Once I successfully reinstalled all the packages in the cache, I decided I would try to `chroot` into the system so I could fully repair the installation from the inside (I couldn't do this before because there would have been no executables for me to run from inside the chroot).
arch-chroot /mnt bash
Inside the chroot, I was able to use pacman to get a list of which files the system had concerns about:
pacman -Qkk
There was quite a lot wrong with the system. I decided I would first try running a full update with `pacman -Syu`, then try reinstalling all packages on the system. Both of these likely required use of the --overwrite flag again (although I admittedly cannot remember).
Running `pacman -Qe > /packagelist.txt` gave me a file with all the packages listed. Trying to install using `pacman -S $(cat /packagelist.txt)` told me which couldn't be found in the repository (due to being installed from other sources, such as the AUR). At that point I just had to go through the `/packages.txt` and delete the 4 or 5 offending packages. Running `pacman -S $(cat /packageslist.txt)` successfully reinstalled all the packages, and `pacman -Qkk` confirmed that there were no malignant files to be found!

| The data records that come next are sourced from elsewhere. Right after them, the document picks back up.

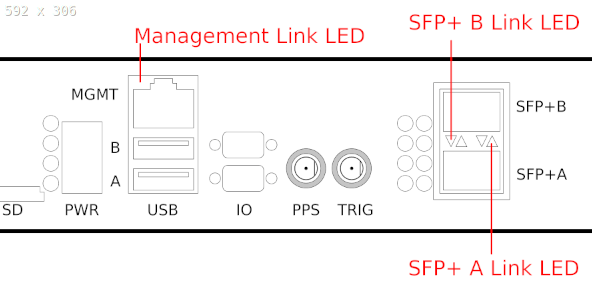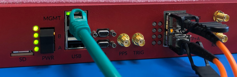 Lastly, we will need to attach the SFP+ A and SFP+ B ports from the host computer to the unit. Again, if your unit is properly connected on both ends, there should be an orange light glowing on the SFP+ ports on the front of the Crimson TNG unit.
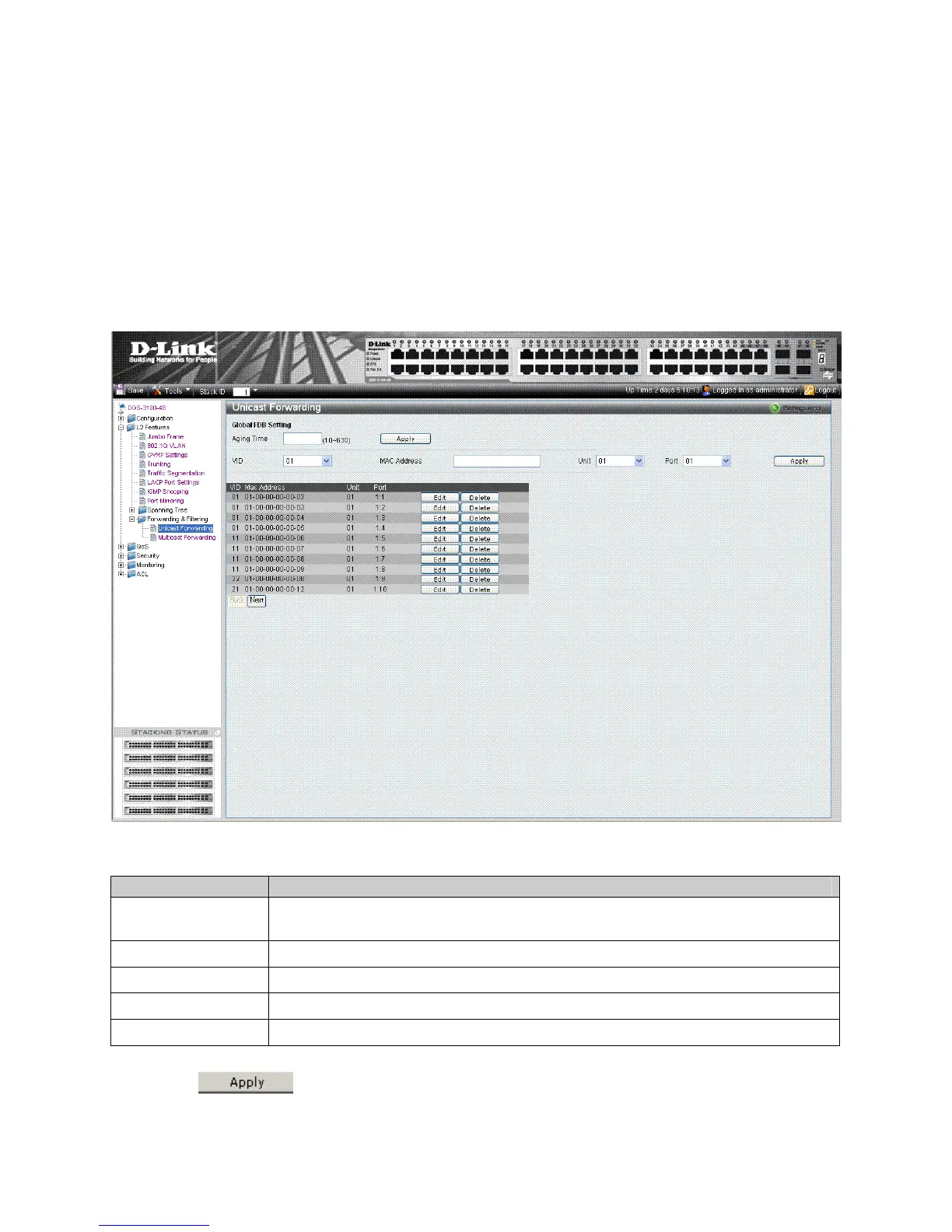 1. Click L2 Features > Forward & Filtering > Unicast Forwarding. The Unicast Forwarding Page opens:
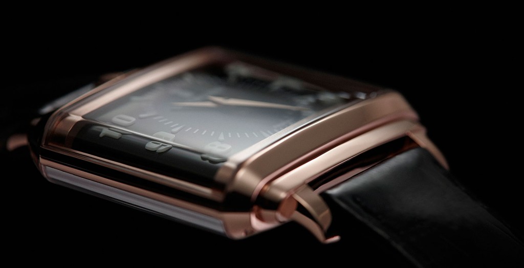 The warm glow of the rose gold case is not of vintage size but a much more modern interpretation with the case measuring 50mm across an 40mm top to bottom. Two identical sapphire crystals hug the front and back of the piece with curved ends that don’t quite meet on the case, the flanks are smooth and linear but also give the wearer an unobstructed view of the movement. The dial is a deep black with only 2, 3, 4, 8, 9 and 10 numerals on it so it’s not cramped by trying to add all numerals and, therefore, keeping with the vintage look. The crown has been moved to the 12 O’clock position giving the piece even cleaner smooth lines.

At this point, I also reinstalled grub and rebuilt the initramfs. These steps were probably not needed, but I didn't want to reboot into disappointment again, and I wasn't sure if all my "repair" work may have corrupted libraries needed by the ZFS module.
Rebooting was a success!
A lot of initial wisdom I found on the internet said recovering from a deleted `/usr` was not worth the time, and it would probably not result in a stable system even if successful. I found the optimism and DIY attitude of Arch Linux resources really shined in helping me get this problem repaired.
Now, I'm backing up my OS installation nightly. In the future, this would mean recovering would be as easy as booting into an external flash drive and re-copying whatever directories I needed from the backup into place (or even the entire OS).